Onur: İlk sorum Bay Holbrook’a olacak. Hatırlayabildiğim kadarıyla Corinthian çizgi romanlarda tam zamanlı bir kâbus rolündeydi. Dizide ise kısmen kâbus, kısmen de fantezi olarak işlev gösteriyor. Bu sizin yaptığınız bir doğaçlama mıydı?
Boyd Holbrook (The Corinthian): Corinthian sadece Doll House’da var. Bizimse karakteri keşfedip yolun sonunu Seri Katil Fuarı’na çıkarmak için 10 bölümümüz vardı. Fuardaki tarikat lideri gibi halini haklı göstermek adına onu rahatsız edici bir zorba yapamazdık elbette. Sofistike, fenomen halinin üzerine tam olarak uyması gerekiyordu. The Corinthian bana göre bir bukalemun, halletmesi gereken işe uygun bir şekle şimale bürünen birisi. Karakter çizgi romanda da bu elemente sahip ancak dizide bunu genişletme fırsatımız oldu ve bu konuda övgü alması gereken ben değil, dizinin arkasındaki kreatif ekip. Bana sadece bir yol gösterdiler, ben de o yolda yürüdüm.
Onur: Sıradaki sorum, Bayan Samunyai için. Rose Walker, Morpheus gibi ölümsüz varlıklarla dolu bir evrende bile insanların ne kadar önemli olduğu bizlere kanıtlayan karakterlerden bir tanesi. Onu bu kadar renkli bir karakter yapan şeylerden bir tanesi de yoldaşlarının çok renkli olması. Rose’un yardımcıları arasında sizin favoriniz kimdi?
Vanesu Samunyai (Rose Walker): Soruyu kendim olarak mı cevaplayayım, yoksa Rose olarak mı?
Onur: İki perspektiften de yaklaşabilirsiniz.
Vaneus Samunyai: Rose adına cevaplayacak olursam, aralarındaki güvene ihanet etmemek adına Lyta derim. Rose ile Lyta arasında daha derin bir duygusal bağ var, birbirlerine ihtiyaç da duyuyorlar. Öte yandan Rose için en önemli kişi de Jed ama hikâyenin büyük bir kısmında yan yana değiller, bu yüzden ona tam anlamıyla bir yoldaş demek de mümkün değil.
Kendi adıma konuşursam herkese bir ayrı bayıldım ama Chantal ve Zelda’nın yeri bende bir ayrı. Chantal ve Zelda ikilisi insanı çok eğlendiren bir ikili.
Onur: Morpheus destansı bir figür; ne bir tanrı ne de bir insan. Kişiliğinin çok insansı özellikleri de var, insandan uzak parçaları da. Bunlar arasında geçiş yapmak size nasıl bir tecrübe yaşattı ve karakterin bu ikili doğasını yansıtırken en çok zorlandığınız nokta neydi?

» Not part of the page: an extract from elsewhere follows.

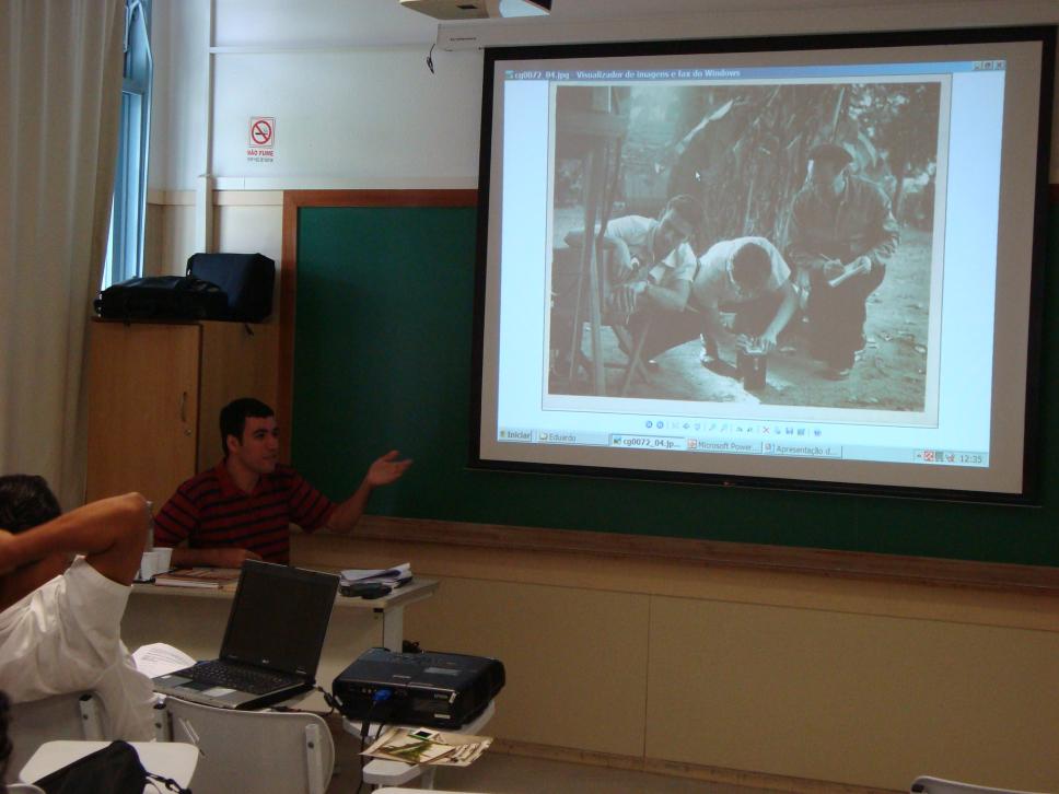 O bolsista de Iniciação Científica, aluno Eduardo Gonçalves, apresenta o acervo do Núcleo de Memória.

Tom Sturridge (Morpheus/Dream): Bence karakterin kilit noktası bu geçişler. Evrenin bilinçaltına küratörlük yapan kişi olarak, bilinç sahibi her bir varlığın rüyalarından sorumlu. Herkesin rüyalarını anladığı için herkesin duygularından da haberdar. Bu yüzden olağanüstü bir empati becerisine sahip, başkaları ne hissediyorsa o da hissediyor. Bu kutsal hissiyat korosunun tamamını bünyesinde barındırabilmek için disiplinli ve özenli olmak, hepsini bastırmak zorunda. Karşı karşıya olduğumuz bu varlık alev alev yanan muazzam duygular bastırmak zorunda, bunu da hiçbirini dışarı vurmayarak yapıyor. Karakterin en heyecan verici olduğu kısımlar tüm bu hislerin yüzeye çıkmasını engelleyemediği kısımlardı.